## WORK ITEM
These records contain pictures, which must be left out; copy exactly the lines from the one with "Experience the perfect" up to and including the one with "IKREA WB1390 CABLE".

## GIVEN DATA
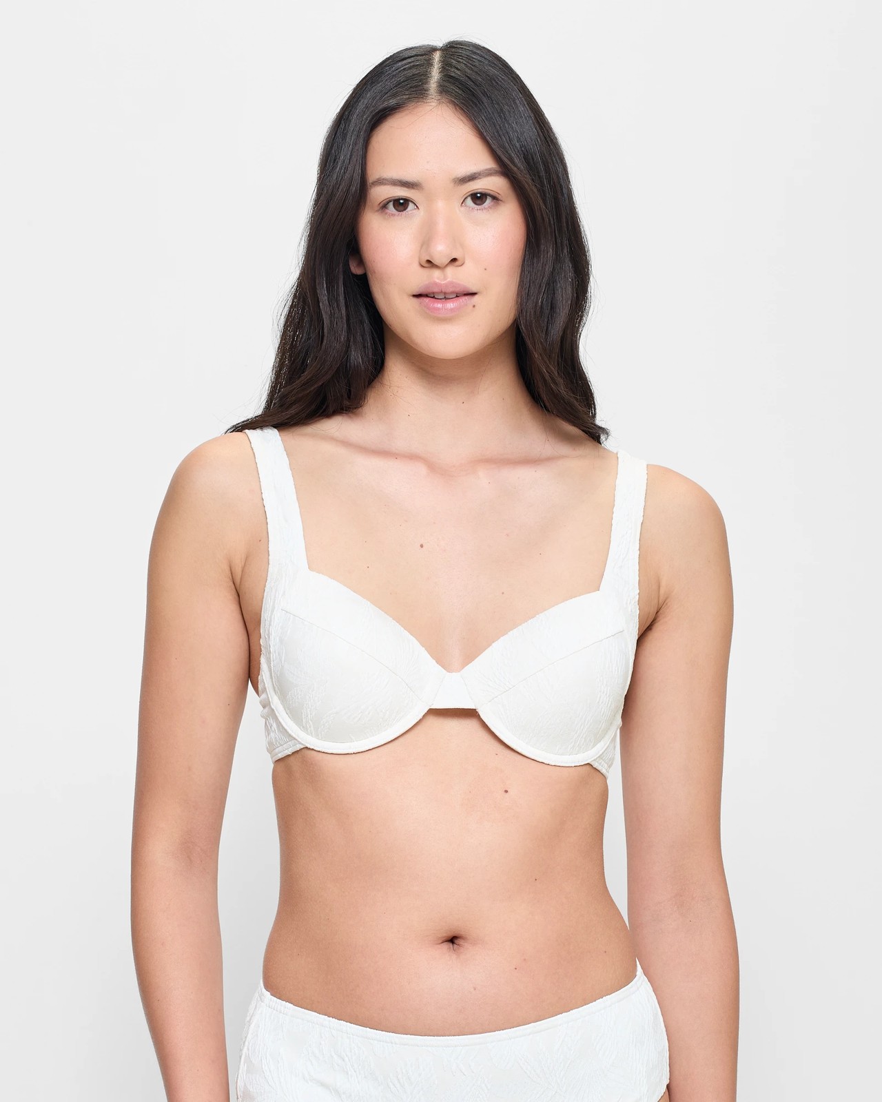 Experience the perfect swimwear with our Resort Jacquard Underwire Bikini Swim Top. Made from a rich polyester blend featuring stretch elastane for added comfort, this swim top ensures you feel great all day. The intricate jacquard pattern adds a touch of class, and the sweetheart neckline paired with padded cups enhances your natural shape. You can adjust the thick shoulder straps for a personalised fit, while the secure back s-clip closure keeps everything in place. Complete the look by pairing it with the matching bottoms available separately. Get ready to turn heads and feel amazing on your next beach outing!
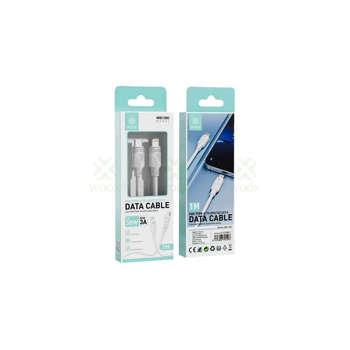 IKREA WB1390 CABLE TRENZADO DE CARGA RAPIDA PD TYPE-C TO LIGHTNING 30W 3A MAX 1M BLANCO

...

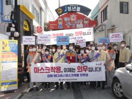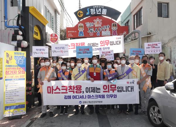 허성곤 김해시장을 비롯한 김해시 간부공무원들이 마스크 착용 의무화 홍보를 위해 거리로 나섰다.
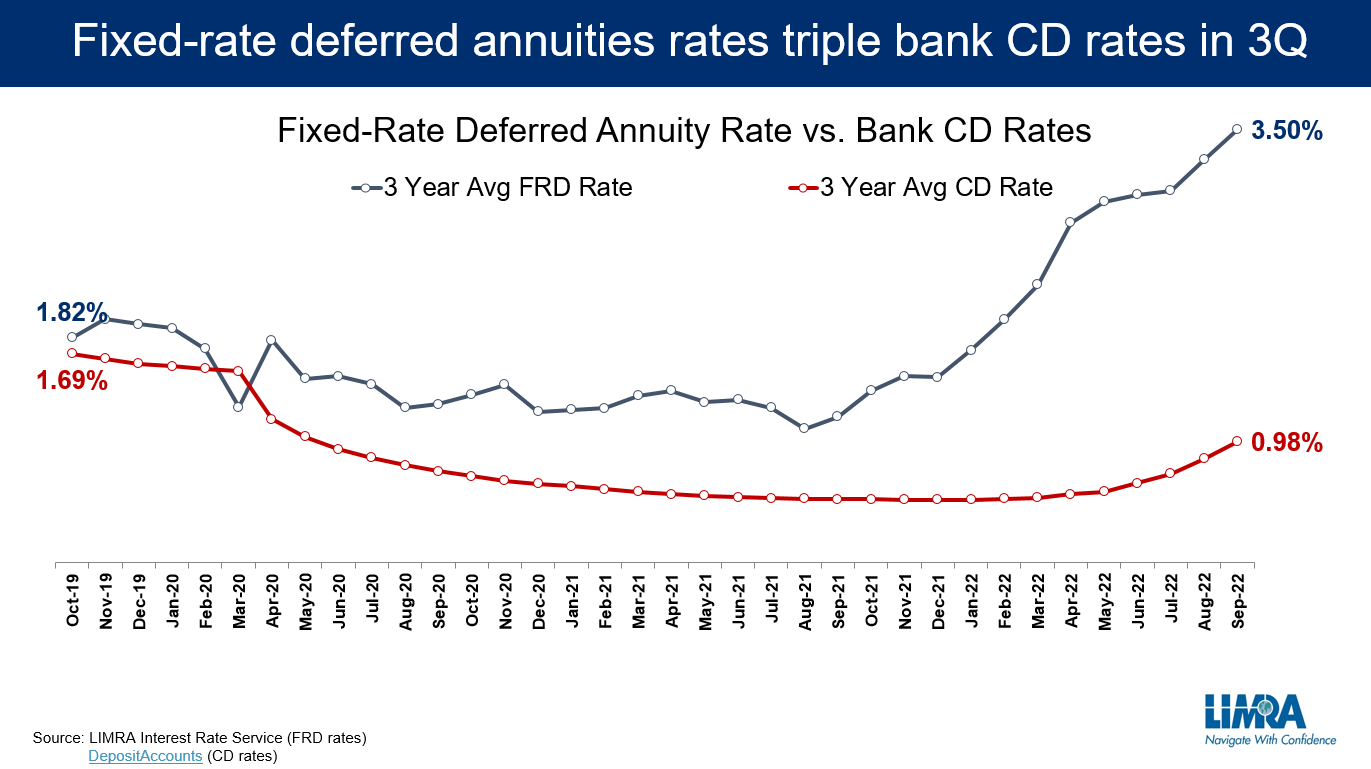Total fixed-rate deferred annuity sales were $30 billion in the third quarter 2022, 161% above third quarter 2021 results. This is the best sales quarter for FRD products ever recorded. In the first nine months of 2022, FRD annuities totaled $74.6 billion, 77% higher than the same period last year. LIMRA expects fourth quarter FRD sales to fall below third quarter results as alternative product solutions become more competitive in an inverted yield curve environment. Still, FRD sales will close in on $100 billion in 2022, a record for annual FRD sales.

## RESPONSE
 Experience the perfect swimwear with our Resort Jacquard Underwire Bikini Swim Top. Made from a rich polyester blend featuring stretch elastane for added comfort, this swim top ensures you feel great all day. The intricate jacquard pattern adds a touch of class, and the sweetheart neckline paired with padded cups enhances your natural shape. You can adjust the thick shoulder straps for a personalised fit, while the secure back s-clip closure keeps everything in place. Complete the look by pairing it with the matching bottoms available separately. Get ready to turn heads and feel amazing on your next beach outing!
 IKREA WB1390 CABLE TRENZADO DE CARGA RAPIDA PD TYPE-C TO LIGHTNING 30W 3A MAX 1M BLANCO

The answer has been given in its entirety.